The stock market rally through 2025 is likely to continue, but investors should consider preparing for the day when the market becomes overextended, according to UBS.
UBS global equity strategist Andrew Garthwaite said in a note to clients that his team is "cautiously optimistic" about stocks in 2025, but warned that six of the seven prerequisites for a bubble to form have already occurred.
The bubble premise that has been fulfilled includes increasing earnings pressure and loss of market breadth. The remaining premise is loose monetary policy, and the Federal Reserve cut interest rates by another 25 basis points on Thursday, pushing the market further in this direction.
Gassweet suggests that if the market does turn into a bubble, investors should try to stick to stocks with more enduring growth stories. The report states: "In case we have not yet entered a bubble (35% chance), we would prefer to invest in places that can also be proved to have reasonable valuations without a bubble," including artificial intelligence and electrification.
Hedge stocks identified by UBS include those that have already experienced strong gains during the AI boom, such as TSMC, Meta Platforms, and the utility company Vistra Corp. The stock price of Vistra Corp. has more than tripled in 2024.
Although these stocks may appear expensive from a valuation standpoint, selecting stocks with long-term growth stories can help the portfolio maintain its value relatively well when the market bubble bursts.
UBS's report states: "The problem with bubble theory is that when the bubble bursts, investors often lose 80% of their funds (as seen in Japan after the end of 1989, the internet bubble, or Nifty 50). We can only assign a 35% probability to the bubble, but that is 10% higher than before."
Additionally, UBS maintains a bullish outlook on gold for the next 12 months, expecting the precious metal to reach $2,900 per ounce by the end of next year. UBS recommends allocating about 5% of a dollar-denominated balanced portfolio to gold as a diversification investment.
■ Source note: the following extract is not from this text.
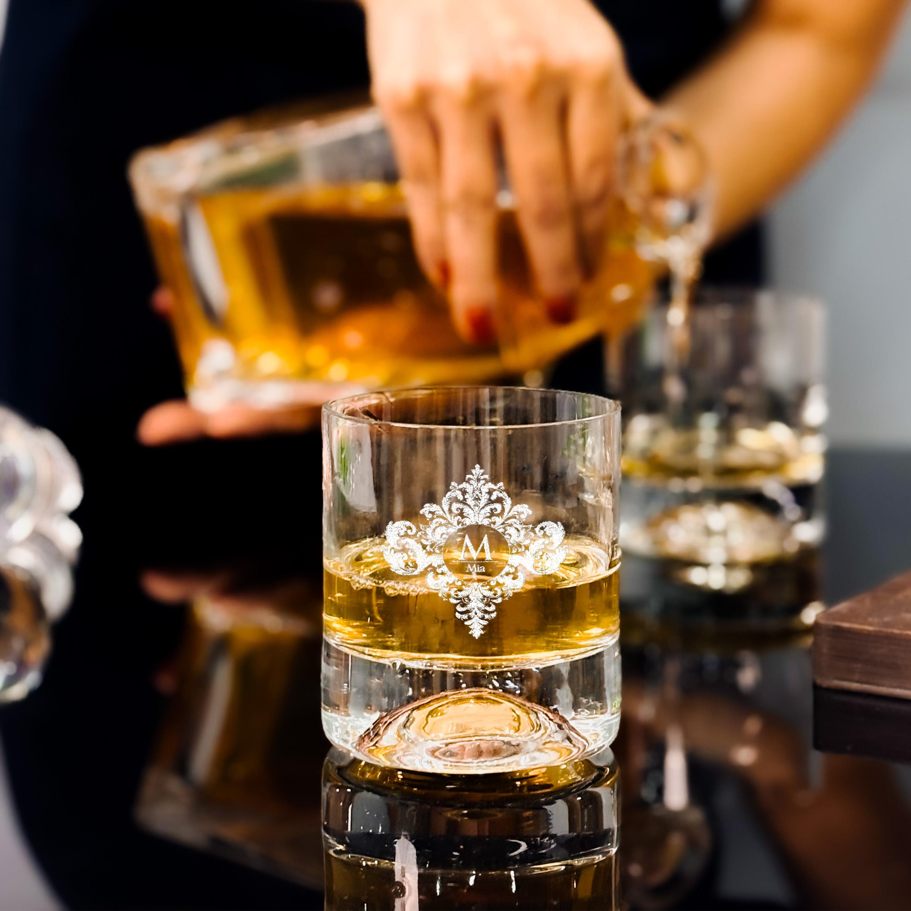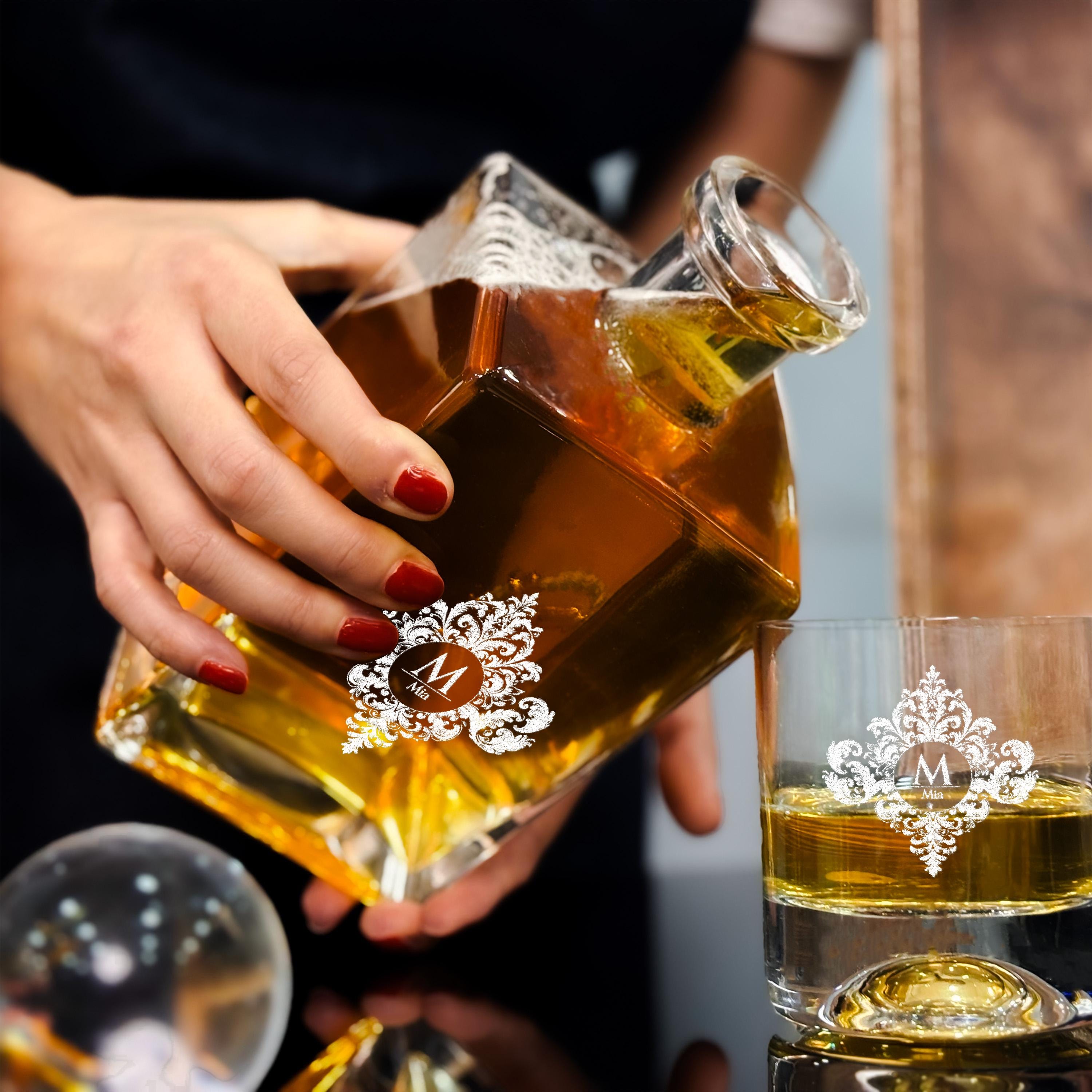 Engraved whiskey glasses bring a personal touch to any home bar, making evenings with friends or quiet celebrations feel a little more special. This whiskey decanter set fits naturally into moments like weddings, anniversaries, or housewarmings, offering a thoughtful way to enjoy bourbon or other spirits. The custom details on each glass and decanter add subtle charm without overwhelming the experience.

UBS pointed out that central banks around the world are likely to continue increasing their gold holdings for reserve diversification. The latest data from the International Monetary Fund (IMF) shows that the net purchases of gold by global central banks reached the highest monthly level of the year in October. UBS expects that driven by de-dollarization, central banks will purchase 982 tons of gold this year, up from the bank's previous forecast of 900 tons.